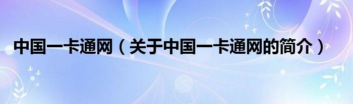 本文關于中國一卡通網的簡介就講解完畢,希望對大家有所幫助。
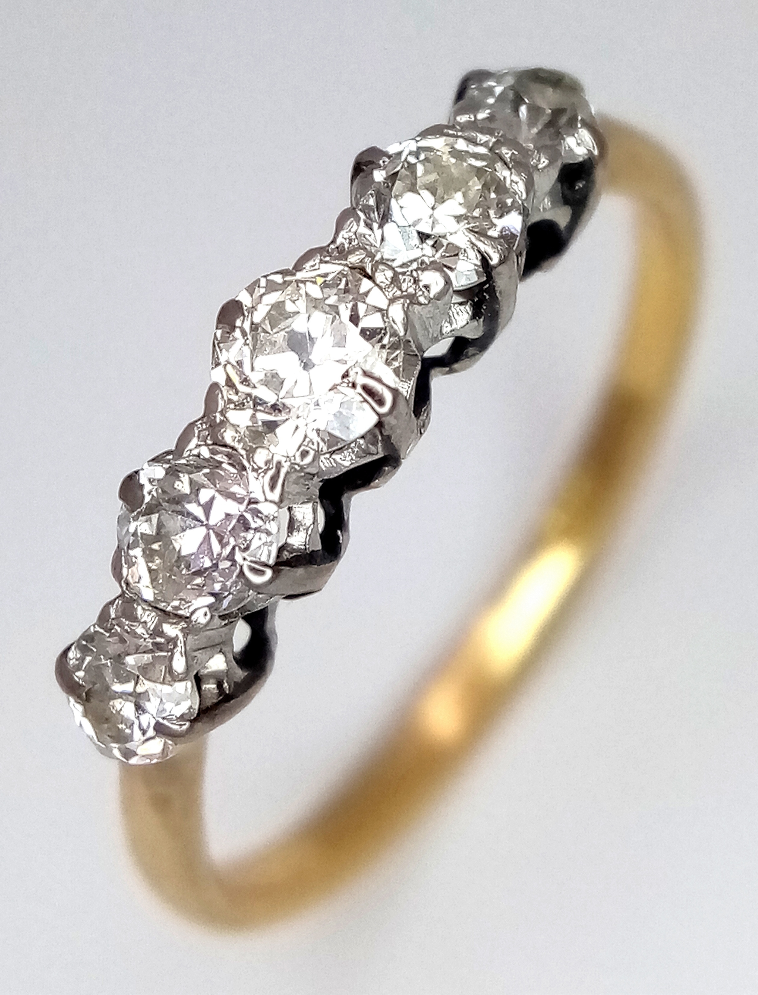 AN 18K YELLOW GOLD VINTAGE OLD CUT DIAMOND 5 STONE RING. 0.6...
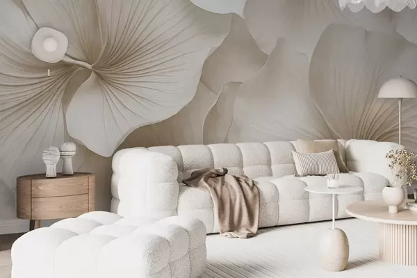 Wall murals White and beige gingko leaves, soft textured, abstract floral background, minimalist modern style Nr. w09421v1
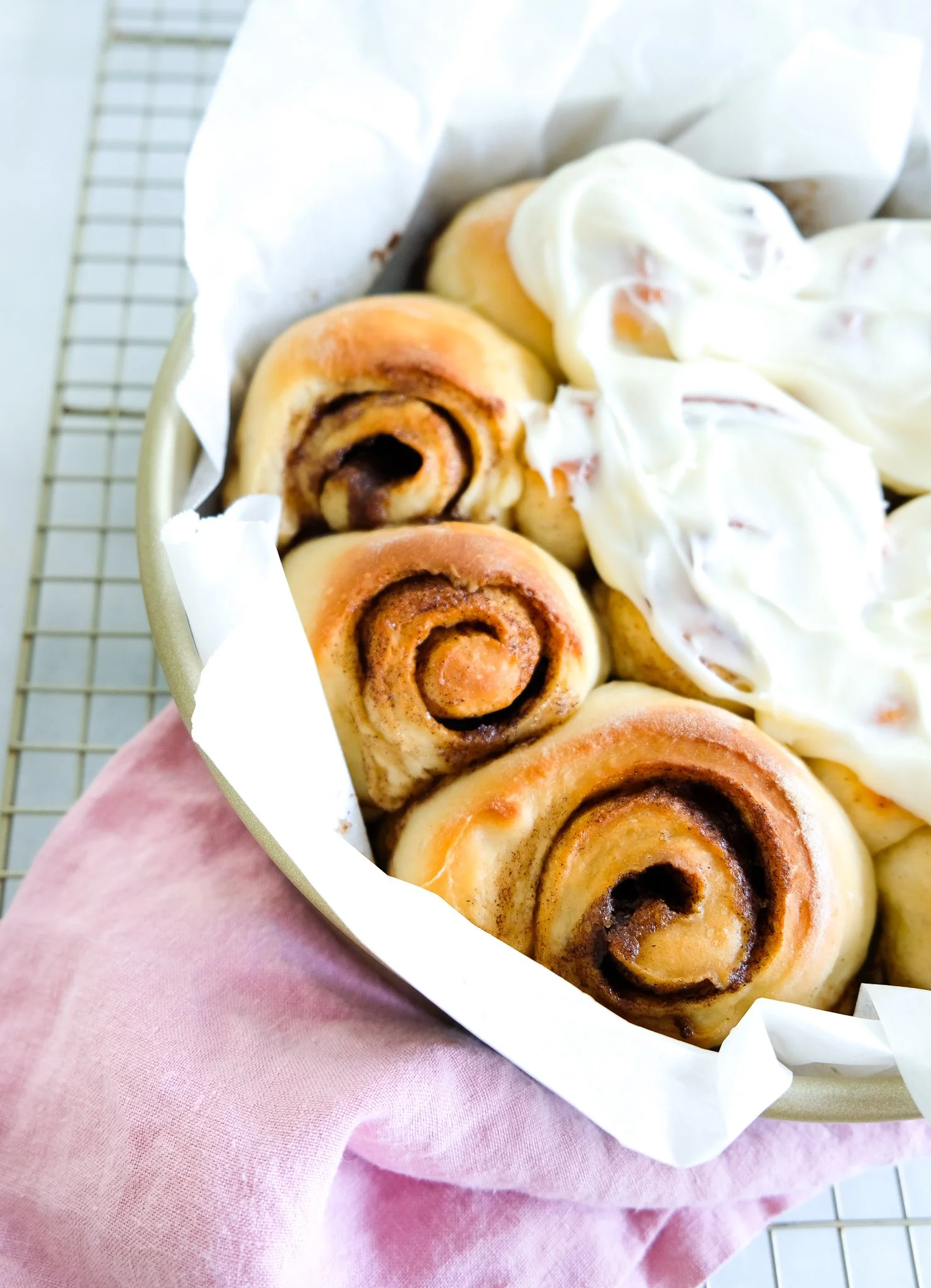 Parchment paper - Do you ever find it hard to get the first cinnamon roll out of the pan? This will solve that problem! Just simply lift all the rolls out using the paper and then use a spatula to serve them. :) It also makes washing the pan a breeze!
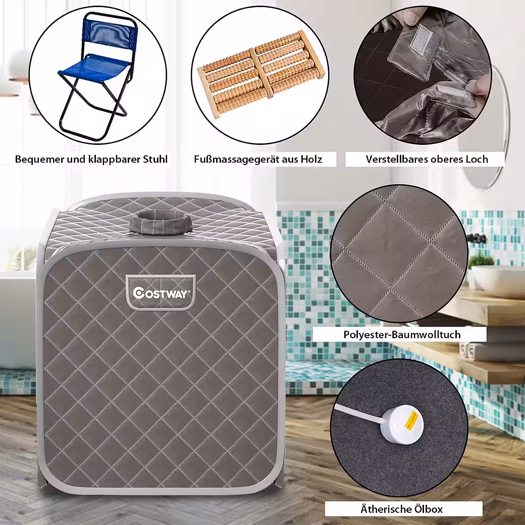 Is work stress making you tired? Now is the time to take care of your mental and physical health. We present our portable steam sauna, designed to effectively reduce stress and promote detoxification. It offers nine adjustable temperature settings to suit different needs. Plus, it comes with a remote control, allowing you to adjust the settings without leaving the sauna. We’ve also included a foot massage roller to help you save on expensive massages.
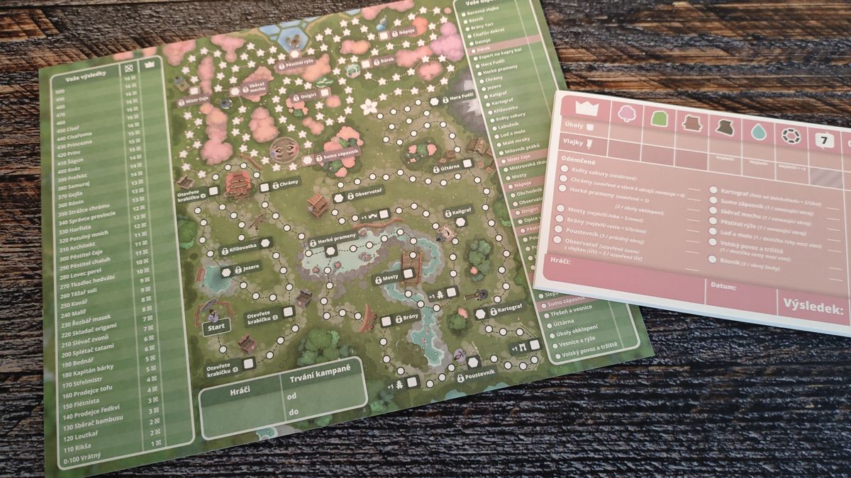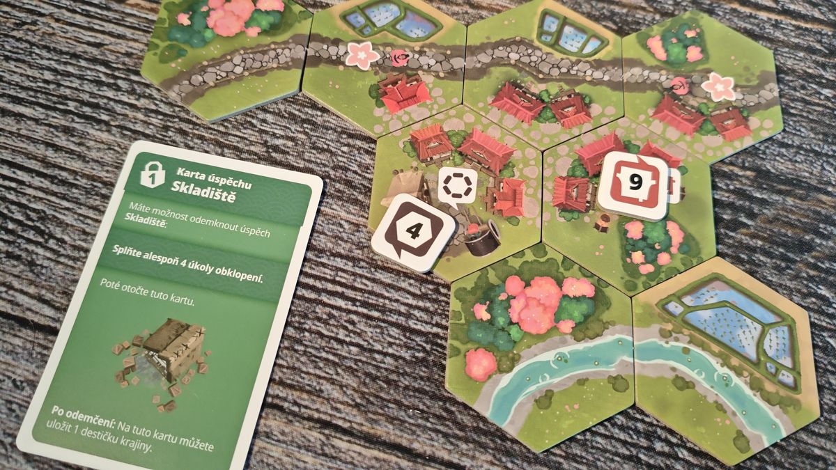 Růžové květy sakury dopadají na hladinu, rýžová pole vytvářejí jemnou mozaiku a vesnice se pomalu rozrůstají. V pozadí přitom stále číhá výzva v podobě limitu tří nesplněných úkolů, což dodává hře příjemné napětí a nutí všechny společně přemýšlet nad dalším krokem. Výsledkem je klidná, plynulá a zároveň chytrá skládačka, která podporuje komunikaci i hledání ideálního umístění každé destičky.
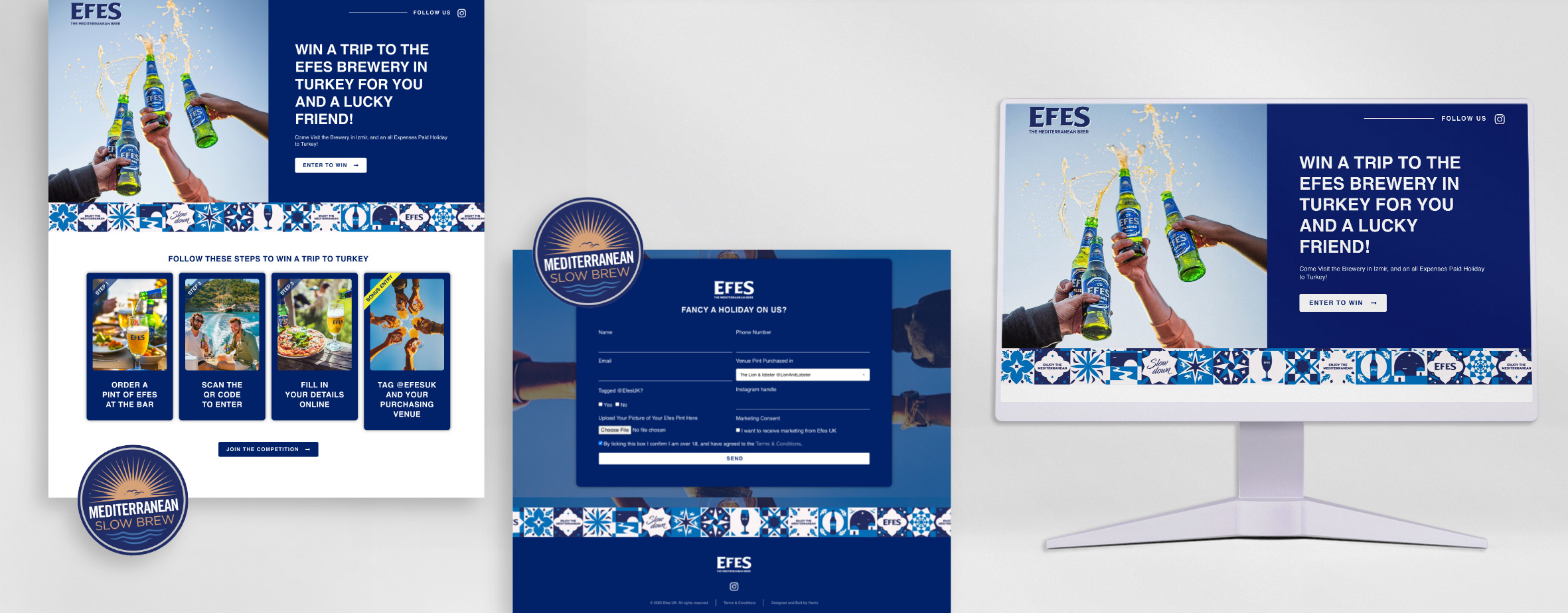We brought the Efes giveaway campaign to life with a streamlined, mobile-first landing page designed to convert. The layout was clean and focused, using bold visuals and a Mediterranean-inspired colour palette to reflect the warmth and vibrancy of the Efes brand. From UX to copy, everything was built around simplicity — making it easy to enter, easy to share, and enjoyable to use.
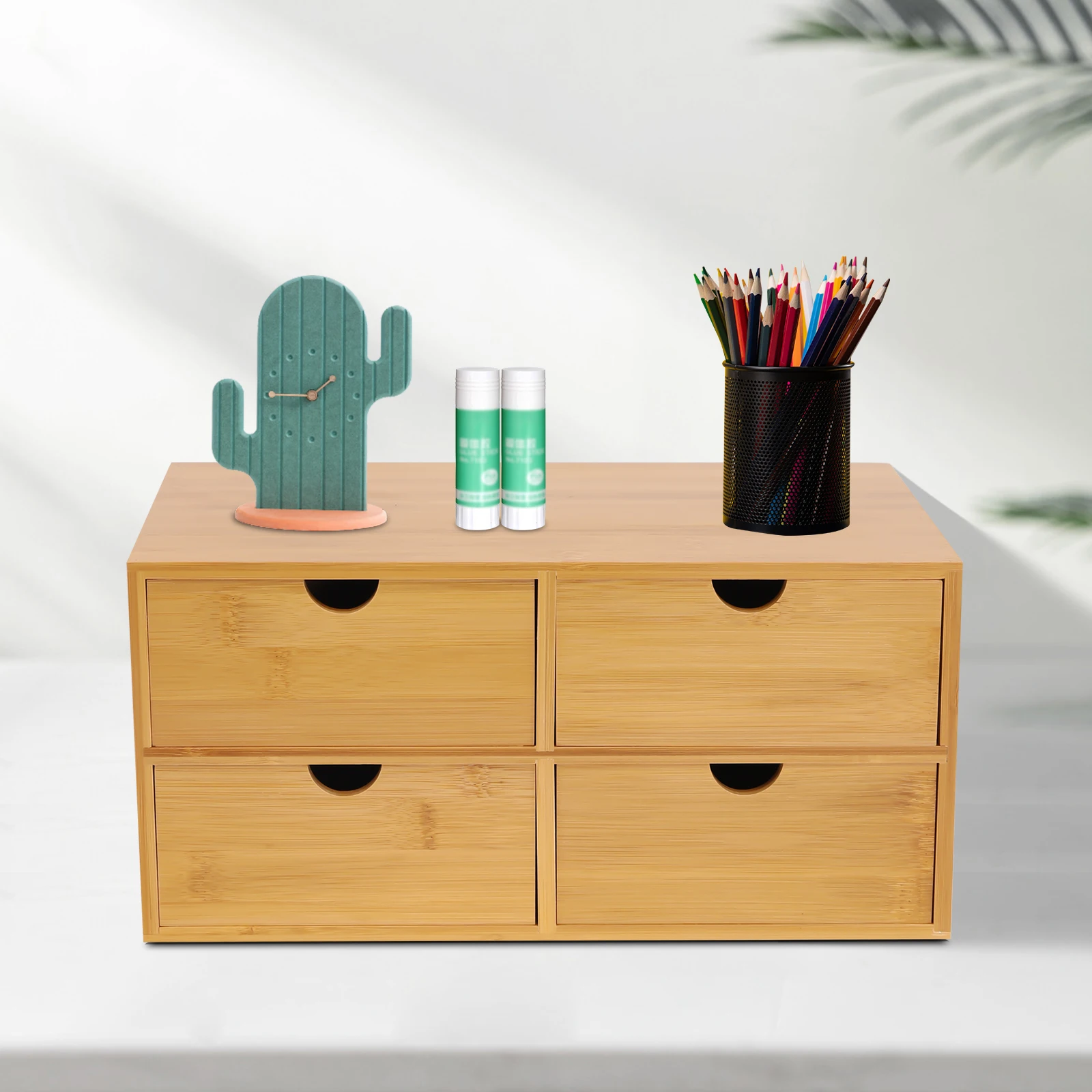 Keep your essentials neatly organized with this compact 4-drawer bamboo storage box — a natural and elegant solution for decluttering your desktop, vanity, or workspace.
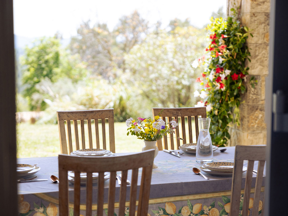 Vanuit het dorp Fayence rijdt u in ca 5 minuten naar de villa. Het laatste stukje over een eigen oprit tussen de fruitbomen door. Er is meer dan voldoende ruimte voor het parkeren van meerdere auto’s. Op het overdekte terras bij de openslaande deuren staat de buiten eettafel. Een heerlijke plek voor lunch of diner. Aan de andere zijde van de living ligt een 2e terras met ook hier een uitschuifbare eettafel (10 pers) alsook ligstoelen en vanwaar een fraai uitzicht op de Provençaalse heuvels en het dorp Fayence.
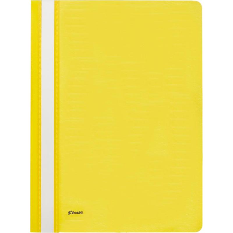 Скоросшиватель используется для хранения различного рода документации, для ведения документооборота, систематизации договоров, других важных бумаг. Папка изготовлена из гладкого пластика. Толщина верхнего прозрачного листа — 130 мкм, нижнего цветного листа — 180 мкм. С прозрачной верхней обложкой. На лицевой стороне находится карман с белым бумажной полосой для указания содержания, вместимость — 100 листов стандартной плотности. Цвет — жёлтый, цвет скоросшивателя может отличаться в зависимости от партии.
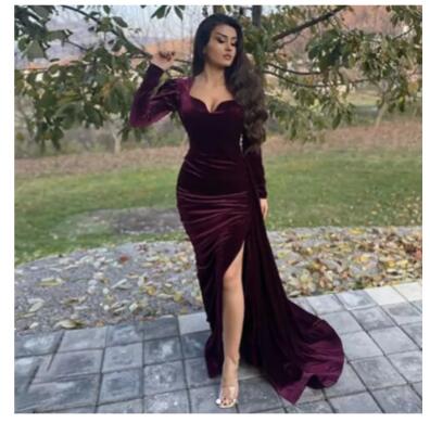 Evening Dress Sweeteart Long Sleeve Sexy Mermaid Prom Gown Plus Size Velvet Mother of the Bride Party Dress
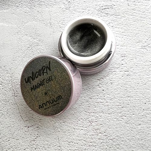 1.ベースカラーを塗布して硬化後、ユニコーンマグネットジェルを塗布します。
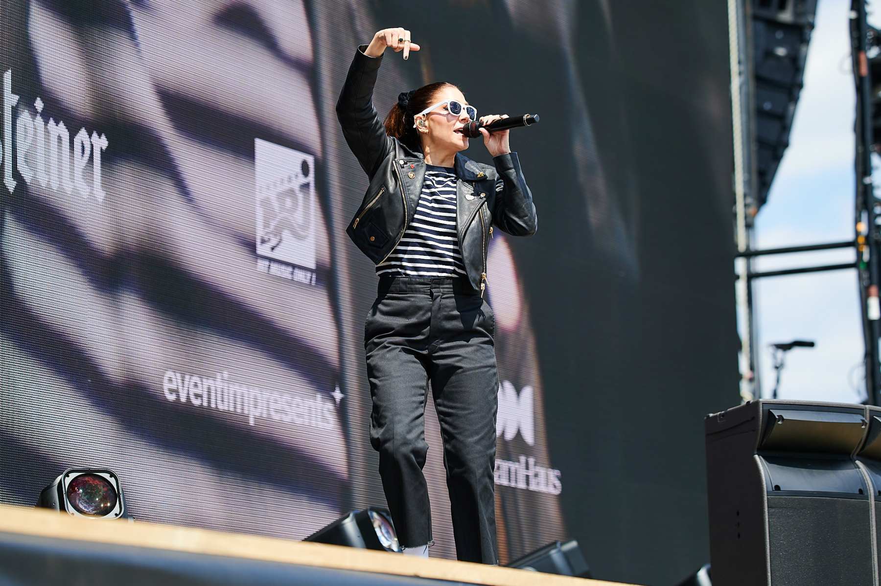 Den Auftakt machte die Ska-Punk Band THE INTERRUPTERS. Die vier aus Los Angeles heizten dem Publikum schon am frühen Nachmittag so richtig ein. Mit Sonnenbrille, so richtig viel Bock und jeder Menge Spaß sprang Lead Sängerin Aimee Allan über die Bühne und strahlte mit der Sonne um die Wette.
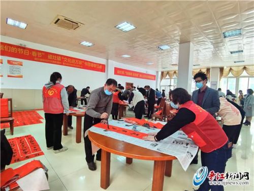 据介绍,这是磁灶镇连续20多年组织开展“文化进万家”送春联活动。往年,镇里都是组织书法家进村(社区)书赠春联;今年由于疫情原因,改为邀请书法家写春联,然后再由各村(社区)组织志愿者走家入户为群众贴春联、送祝福。
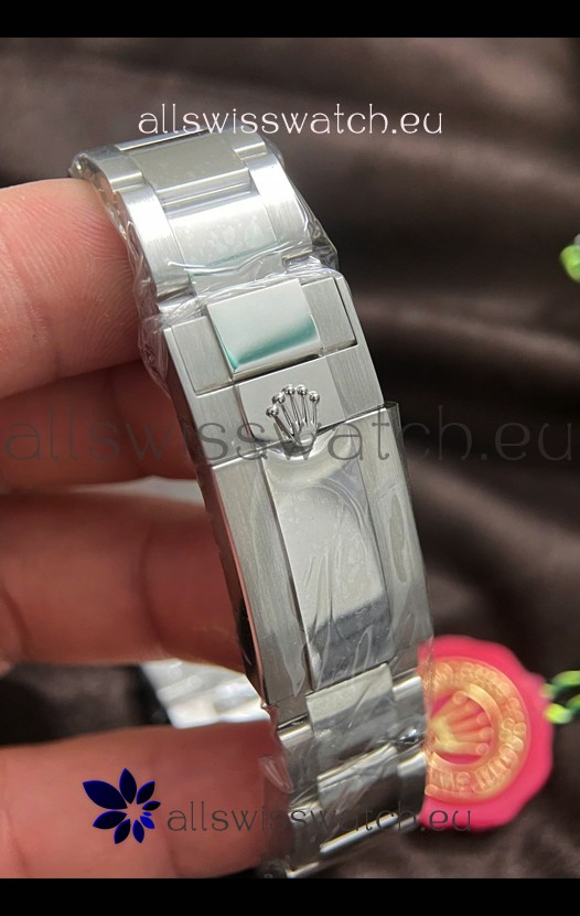 White Gold Plating on 904 Solid Stainless Case with Rolex Markings and Engravings like the Authentic.
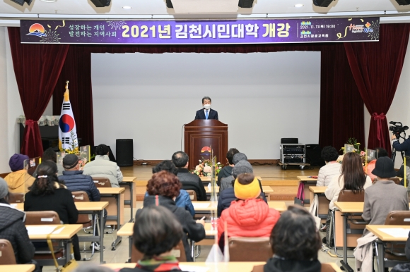 | 김천시평생교육원에서는 11월 11일(목) 90여 명이 참석한 가운데『2021년 김천시민대학』개강식을 가졌다. 직장인들의 참여를 높이기 위해 매년 저녁시간에 운영해 온 김천시민대학은 퇴근 후 만나는 평생학습으로 시민들에게 배움의 즐거움을 안겨주고 있으며, 특히 지난해 코로나19로 운영하지 못한 터라 유난히 뜨거운 관심 속에 개강하게 되었다.
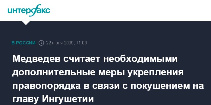 Медведев считает необходимыми дополнительные меры укрепления правопорядка в связи с покушением на главу Ингушетии
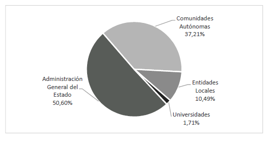 Los actores que emiten estos 26 millones de euros de AOD al turismo para ALC, quedan reflejados en la Figura 5. La mitad ha sido emitida por la Administración General del Estado y la otra mitad se ha repartido entre las Comunidades Autónomas (CCAA, en adelante) (37,21%), las Entidades Locales (10,49%) y las Universidades.
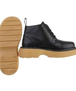 Ital-Design »Damen Schnürschuhe Freizeit« Stiefelette Flach Plateaustiefeletten In Schwarz
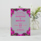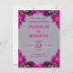 A luxurious and bold wedding invitation featuring vibrant magenta peonies surrounding a sophisticated gray background with elegant gold accents.
--------------------------------------------------
If an entry contains a picture, leave it out and repeat the rest exactly.

 本文關于中國一卡通網的簡介就講解完畢,希望對大家有所幫助。
 AN 18K YELLOW GOLD VINTAGE OLD CUT DIAMOND 5 STONE RING. 0.6...
 Wall murals White and beige gingko leaves, soft textured, abstract floral background, minimalist modern style Nr. w09421v1
 Parchment paper - Do you ever find it hard to get the first cinnamon roll out of the pan? This will solve that problem! Just simply lift all the rolls out using the paper and then use a spatula to serve them. :) It also makes washing the pan a breeze!
 Is work stress making you tired? Now is the time to take care of your mental and physical health. We present our portable steam sauna, designed to effectively reduce stress and promote detoxification. It offers nine adjustable temperature settings to suit different needs. Plus, it comes with a remote control, allowing you to adjust the settings without leaving the sauna. We’ve also included a foot massage roller to help you save on expensive massages.
 Růžové květy sakury dopadají na hladinu, rýžová pole vytvářejí jemnou mozaiku a vesnice se pomalu rozrůstají. V pozadí přitom stále číhá výzva v podobě limitu tří nesplněných úkolů, což dodává hře příjemné napětí a nutí všechny společně přemýšlet nad dalším krokem. Výsledkem je klidná, plynulá a zároveň chytrá skládačka, která podporuje komunikaci i hledání ideálního umístění každé destičky.
We brought the Efes giveaway campaign to life with a streamlined, mobile-first landing page designed to convert. The layout was clean and focused, using bold visuals and a Mediterranean-inspired colour palette to reflect the warmth and vibrancy of the Efes brand. From UX to copy, everything was built around simplicity — making it easy to enter, easy to share, and enjoyable to use.
 Keep your essentials neatly organized with this compact 4-drawer bamboo storage box — a natural and elegant solution for decluttering your desktop, vanity, or workspace.
 Vanuit het dorp Fayence rijdt u in ca 5 minuten naar de villa. Het laatste stukje over een eigen oprit tussen de fruitbomen door. Er is meer dan voldoende ruimte voor het parkeren van meerdere auto’s. Op het overdekte terras bij de openslaande deuren staat de buiten eettafel. Een heerlijke plek voor lunch of diner. Aan de andere zijde van de living ligt een 2e terras met ook hier een uitschuifbare eettafel (10 pers) alsook ligstoelen en vanwaar een fraai uitzicht op de Provençaalse heuvels en het dorp Fayence.
 Скоросшиватель используется для хранения различного рода документации, для ведения документооборота, систематизации договоров, других важных бумаг. Папка изготовлена из гладкого пластика. Толщина верхнего прозрачного листа — 130 мкм, нижнего цветного листа — 180 мкм. С прозрачной верхней обложкой. На лицевой стороне находится карман с белым бумажной полосой для указания содержания, вместимость — 100 листов стандартной плотности. Цвет — жёлтый, цвет скоросшивателя может отличаться в зависимости от партии.
 Evening Dress Sweeteart Long Sleeve Sexy Mermaid Prom Gown Plus Size Velvet Mother of the Bride Party Dress
 1.ベースカラーを塗布して硬化後、ユニコーンマグネットジェルを塗布します。
 Den Auftakt machte die Ska-Punk Band THE INTERRUPTERS. Die vier aus Los Angeles heizten dem Publikum schon am frühen Nachmittag so richtig ein. Mit Sonnenbrille, so richtig viel Bock und jeder Menge Spaß sprang Lead Sängerin Aimee Allan über die Bühne und strahlte mit der Sonne um die Wette.
 据介绍,这是磁灶镇连续20多年组织开展“文化进万家”送春联活动。往年,镇里都是组织书法家进村(社区)书赠春联;今年由于疫情原因,改为邀请书法家写春联,然后再由各村(社区)组织志愿者走家入户为群众贴春联、送祝福。
 White Gold Plating on 904 Solid Stainless Case with Rolex Markings and Engravings like the Authentic.
 | 김천시평생교육원에서는 11월 11일(목) 90여 명이 참석한 가운데『2021년 김천시민대학』개강식을 가졌다. 직장인들의 참여를 높이기 위해 매년 저녁시간에 운영해 온 김천시민대학은 퇴근 후 만나는 평생학습으로 시민들에게 배움의 즐거움을 안겨주고 있으며, 특히 지난해 코로나19로 운영하지 못한 터라 유난히 뜨거운 관심 속에 개강하게 되었다.
 Медведев считает необходимыми дополнительные меры укрепления правопорядка в связи с покушением на главу Ингушетии
 Los actores que emiten estos 26 millones de euros de AOD al turismo para ALC, quedan reflejados en la Figura 5. La mitad ha sido emitida por la Administración General del Estado y la otra mitad se ha repartido entre las Comunidades Autónomas (CCAA, en adelante) (37,21%), las Entidades Locales (10,49%) y las Universidades.
 Ital-Design »Damen Schnürschuhe Freizeit« Stiefelette Flach Plateaustiefeletten In Schwarz
 A luxurious and bold wedding invitation featuring vibrant magenta peonies surrounding a sophisticated gray background with elegant gold accents.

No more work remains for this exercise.